You are mistaken, my friend, said he; I preferred many to the lady in question, and one in particular, whose name I will not mention, but whom I love—whom I do love.—Comme on aime, said I, interrupting him.—Non, parbleu! added he, with warmth, comme on n’aime pas.—Good Heaven! then, cried I, how could you think of marrying another?—Celà n’empêche rien, said the Marquis, coolly;—for I could not marry the other. She had the start of me, and had undergone the ceremony already; and therefore she had no objection to my obliging my mother and relations in this particular, for she is the best-natured woman in the world.

So she appears to be, said I.—O, pour cela oui, mon cher, added he, elle est la bonté même. However, I am very well pleased, upon the whole, that the affair has gone off without any fault of mine; and though it is possible that it may be brought on at some future period, I shall still be a gainer, parceque un mariage reculé est toujours autant de gagné sur le repentir. So saying, he wheeled on his heel, humming,

Non, tu ne le mettra pas, Colin, &c.

There’s the picture of a French lover for you.—I set down the whole scene, as soon as F—— left me, and so I leave you to make your own reflections.

Adieu.


LETTER X.

Paris.

You have often heard the French accused of insincerity, and of being warm in professions, but devoid of real friendship.

Our countrymen, in particular, are led into this opinion, from the manners in general being more obsequious here, than in England. What Frenchmen consider as common good manners, many Englishmen would call flattery, perhaps fawning.

Their language abounds in complimental phrases, which they distribute with wonderful profusion and volubility; but they intend no more by them, than an Englishman means when he subscribes himself your most obedient humble servant, at the conclusion of a letter.

A Frenchman not only means nothing beyond common civility, by the plentiful shower of compliments which he pours on every stranger; but also, he takes it for granted, that the stranger knows that nothing more is meant. These expressions are fully understood by his own countrymen: he imagines all the world are as well informed; and he has not the smallest intention to deceive. But if any man takes these expressions in a literal sense, and believes that people are in reality inspired with friendship, or have fallen in love with him at first sight, he will be very much disappointed; especially if he expects strong proofs of either.

Yet he has no right to accuse the French of insincerity, or breach of friendship.—Friendship is intirely out of the question. They never intended to convey any other idea, than that they were willing to receive him on the footing of an acquaintance;—and it was the business of his language-master to have informed him of the real import of their expressions.

If the same words indeed were literally translated into English, and used by one Englishman to another, the person to whom they were addressed, would have good reason to imagine that the other had a particular regard for him, or meant to deceive him; because the established modes of civility and politeness in England do not require such language.

The not making a proper allowance for different modes and usages which accident has established, is one great cause of the unfavourable and harsh sentiments, which the people of the different countries of the world too often harbour against each other.

You may say, perhaps, that this superfluity of compliments which the French make use of, is a proof of the matter in question; that the French have less sincerity than their neighbours. By the same rule we must conclude, that the common people of every nation, who use few complimental phrases in their discourse, have a greater regard to truth, and stronger sentiments of friendship, than those in the middle and higher ranks. But this is what I imagine it would be difficult to prove.

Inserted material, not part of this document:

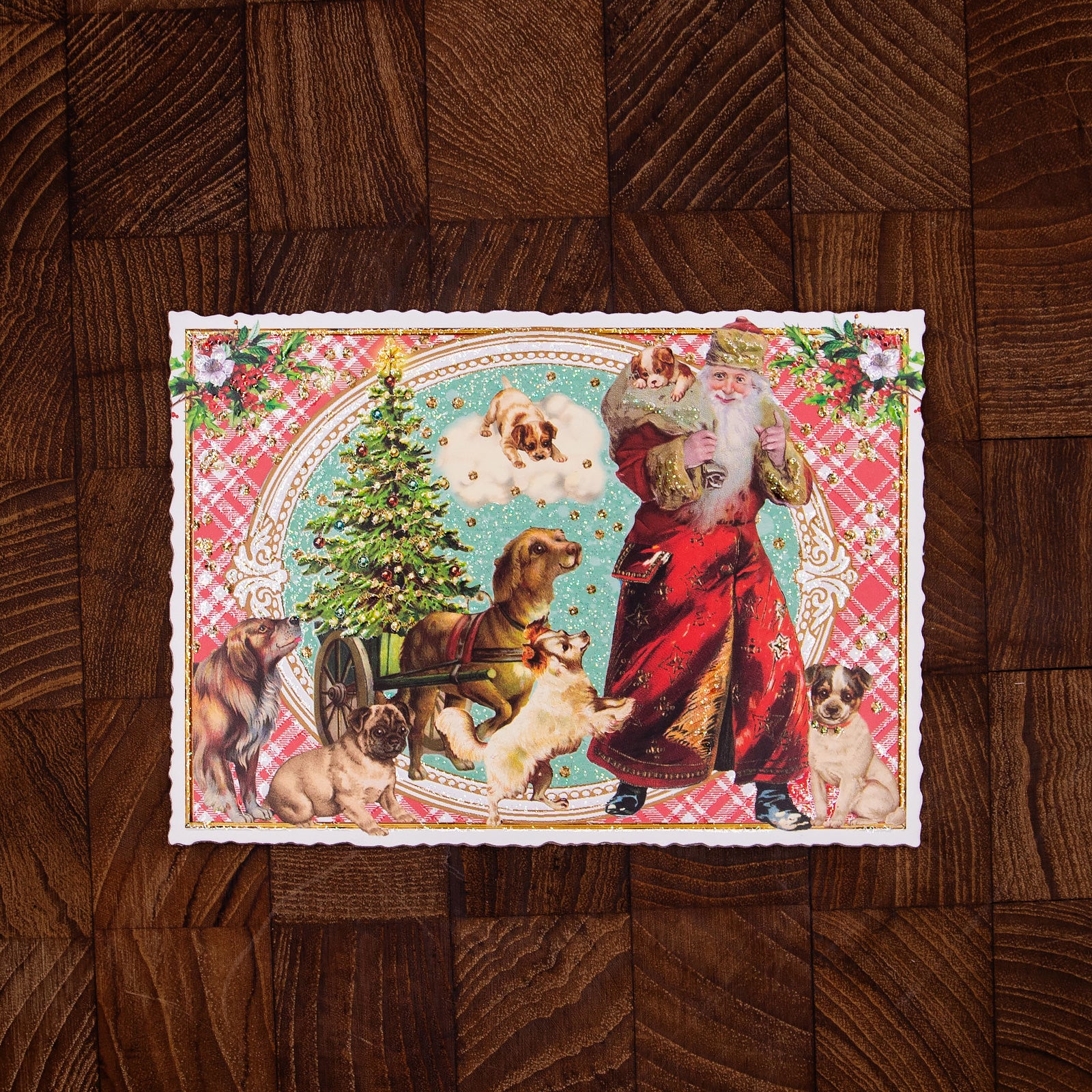 ドイツ製 クリスマス ポストカード ラメ&ダイカット加工 サンタとイヌ

These complimental phrases, which have crept into all modern languages, may, perhaps, be superfluous; or, if you please, absurd: but they are so fully established, that people of the greatest integrity must use them, both in England and in France; with this difference, that a smaller proportion will do in the language of the one country, than in that of the other; but they are indications of friendship in neither.

Friendship is a plant of slow growth, in every climate. Happy the man who can rear a few, even where he has the most settled residence. Travellers, passing through foreign countries, seldom take time to cultivate them; if they be presented with some flowers, although of a flimsy texture and quicker growth, they ought to accept of them with thankfulness, and not quarrel with the natives, for choosing to retain the other more valuable plant for their own use.

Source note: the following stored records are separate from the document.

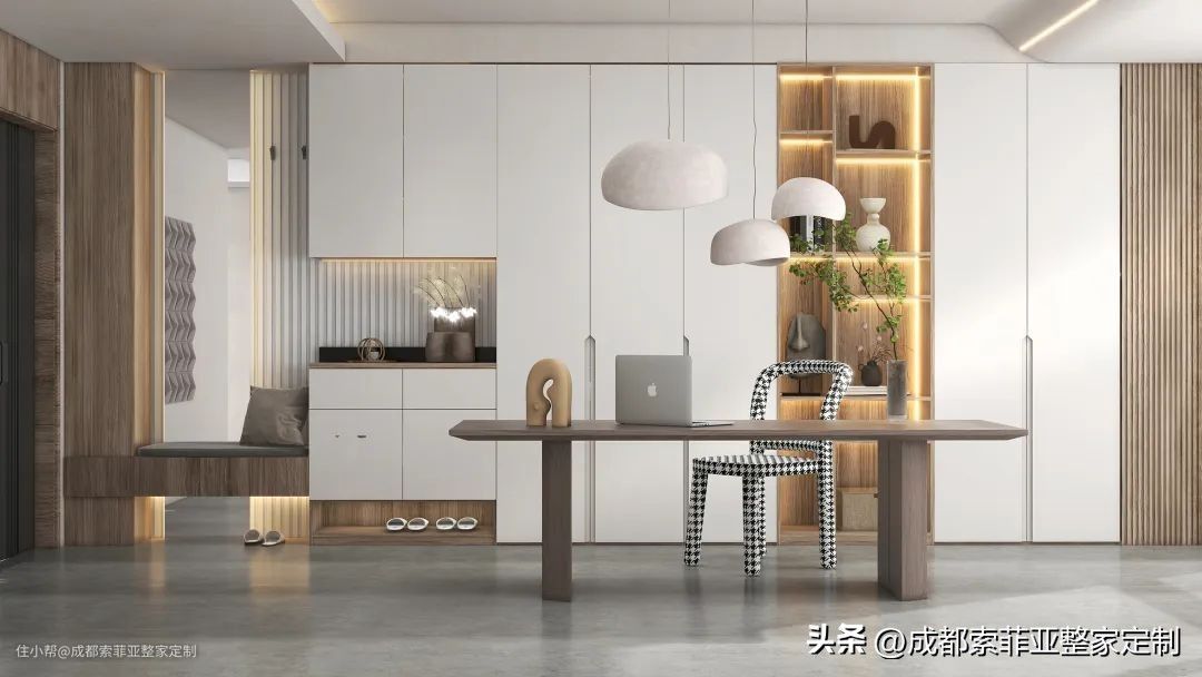 全屋整家定制采用索菲亚-赫本系列,以简雅的色系碰撞,将一种冷淡却又自然的风格。将家的温馨所展现,现代侘寂风以干净利落的设计风格,以有温度的原木色,将生活的轻松与美好描绘出对于未来的期许。
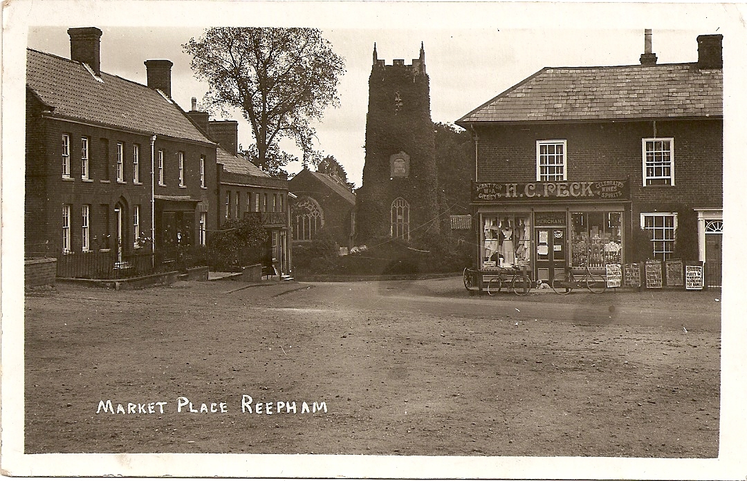 View towards St. Michael's tower including Peck's shop. Newsboards report the disappearance of Gustav Hamel in May 1914. Hamel was a famous pioneering aviator and was flying from Paris to Hendon when his plane disappeared over the Channel after leaving Boulogne.
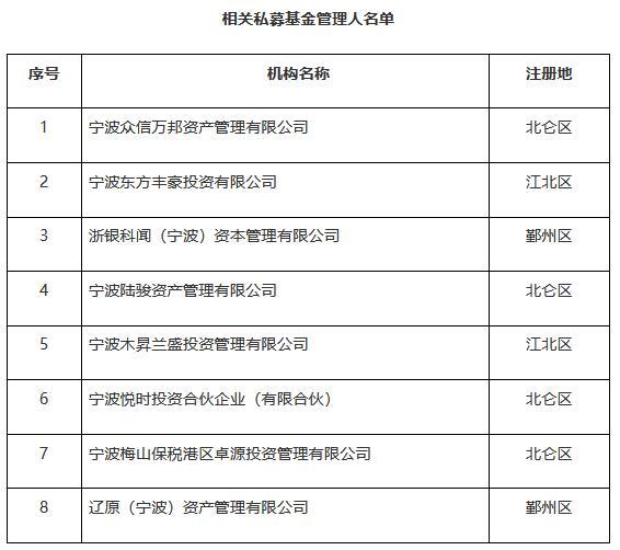 中新網(wǎng)8月17日電 寧波證監(jiān)局16日發(fā)布關(guān)于要求相關(guān)私募基金管理人的有關(guān)負(fù)責(zé)人到寧波證監(jiān)局接受監(jiān)管約談的通知。通知顯示,寧波證監(jiān)局2022年3月30日印發(fā)《關(guān)于開展轄區(qū)私募基金管理人2022年自查工作的通知》(甬證監(jiān)發(fā)〔2022〕12號(hào)),并于2022年6月6日發(fā)布《關(guān)于寧波轄區(qū)2022年逾期未完成自查工作的私募機(jī)構(gòu)專項(xiàng)通報(bào)(第一批)》,截至2022年8月16日,以下8家機(jī)構(gòu)仍未按要求完成相關(guān)工作。

Of all travellers, the young English nobility and gentry have the least right to find fault with their entertainment while on their tours abroad; for such of them as show a desire of forming a connection with the inhabitants, by even a moderate degree of attention, are received upon easier terms than the travellers from any other country. But a very considerable number of our countrymen have not the smallest desire of that nature: they seem rather to avoid their society, and accept with reluctance every offer of hospitality. This happens partly from a prejudice against foreigners of every kind; partly from timidity or natural reserve; and in a great measure from indolence, and an absolute detestation of ceremony and restraint. Besides, they hate to be obliged to speak a language of which they seldom acquire a perfect command.

They frequently, therefore, form societies or clubs of their own, where all ceremony is dismissed, and the greatest ease and latitude allowed in behaviour, dress, and conversation. There they confirm each other in all their prejudices, and with united voice condemn and ridicule the customs and manners of every country but their own.

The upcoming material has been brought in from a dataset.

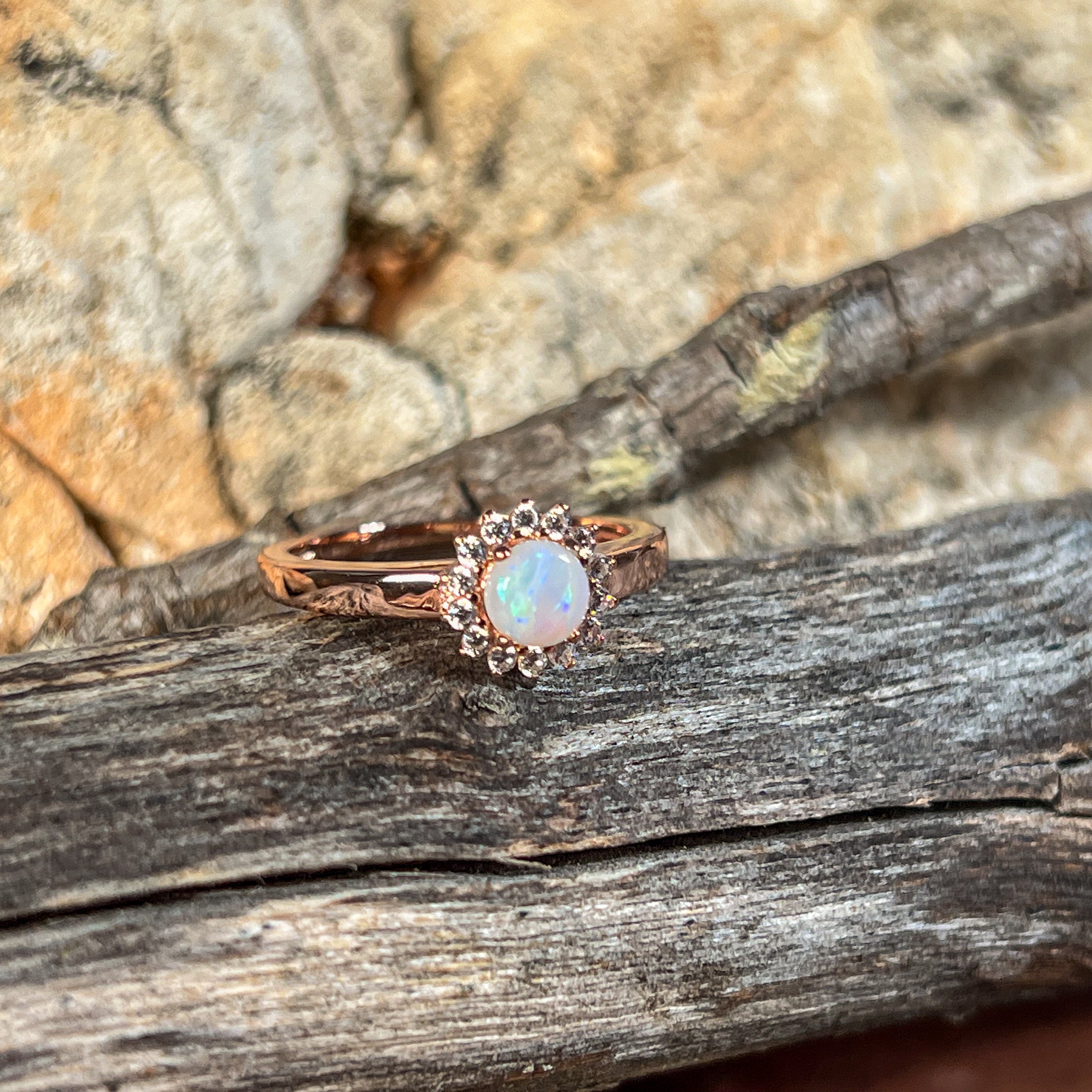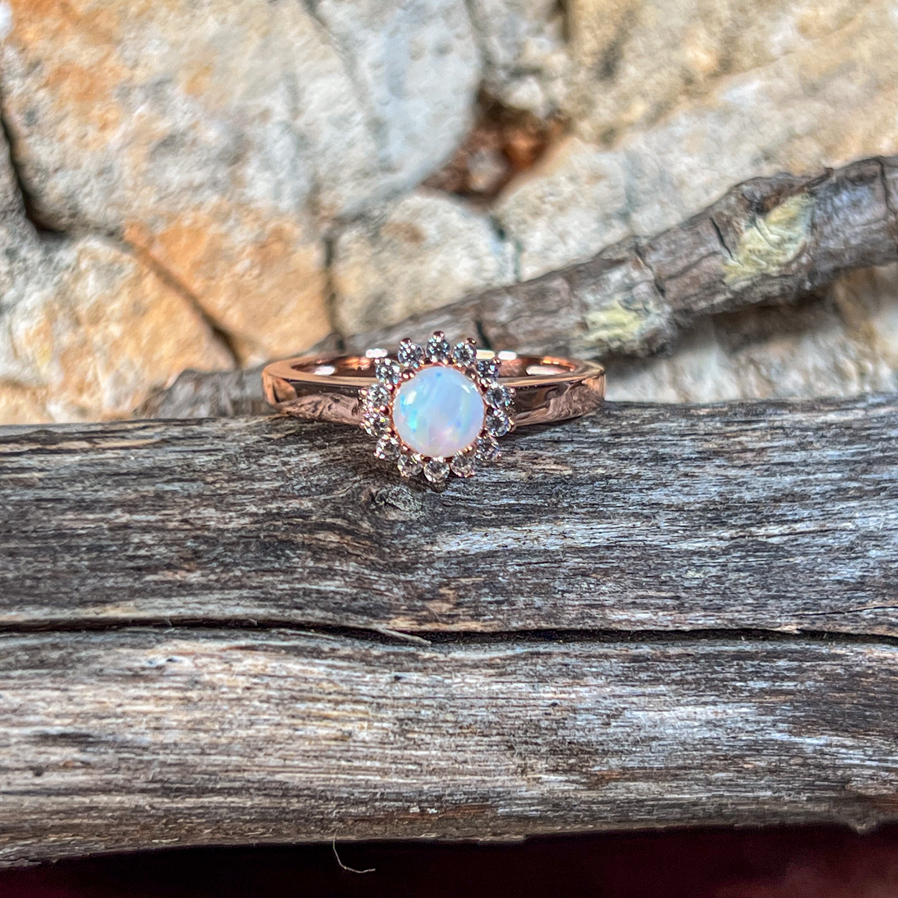 Rose Gold plated silver cluster ring 5mm Round White Opal ring

By this conduct the true purpose of travelling is lost or perverted; and many English travellers remain four or five years abroad, and have seldom, during all this space, been in any company but that of their own countrymen.

To go to France and Italy, and there converse with none but English people, and merely that you may have it to say that you have been in those countries, is certainly absurd: Nothing can be more so, except to adopt with enthusiasm the fashions, fopperies, taste, and manners of those countries, and transplant them to England, where they never will thrive, and where they always appear aukward and unnatural. For after all his efforts of imitation, a travelled Englishman is as different from a Frenchman or an Italian, as an English mastiff is from a monkey or a fox: And if ever that sedate and plain meaning dog should pretend to the gay friskiness of the one, or to the subtilty of the other, we should certainly value him much less than we do.

But I do not imagine that this extreme is by any means so common as the former. It is much more natural to the English character to despise foreigners than to imitate them. A few tawdry examples to the contrary, who return every winter from the continent, are hardly worth mentioning as exceptions.


LETTER XI.

Paris.

Your acquaintance B—— has been in Paris for these three weeks past. I cannot conceive how he has remained so long; for he has a very bad opinion of this nation, and is fraught with the strongest prejudice against French manners in general: He considers all their politesse as impertinence, and receives their civilities as a prelude to the picking of his pocket.

He and I went this forenoon to a review of the foot-guards, by Marshal Biron. There was a crowd; and we could with difficulty get within the circle so as to see conveniently. An old officer of high rank touched some people who stood before us, saying,—Ces deux Messieurs sont des étrangers; upon which they immediately made way, and allowed us to pass.—Don’t you think that was very obliging? said I.—Yes, answered he; but, by heavens, it was very unjust.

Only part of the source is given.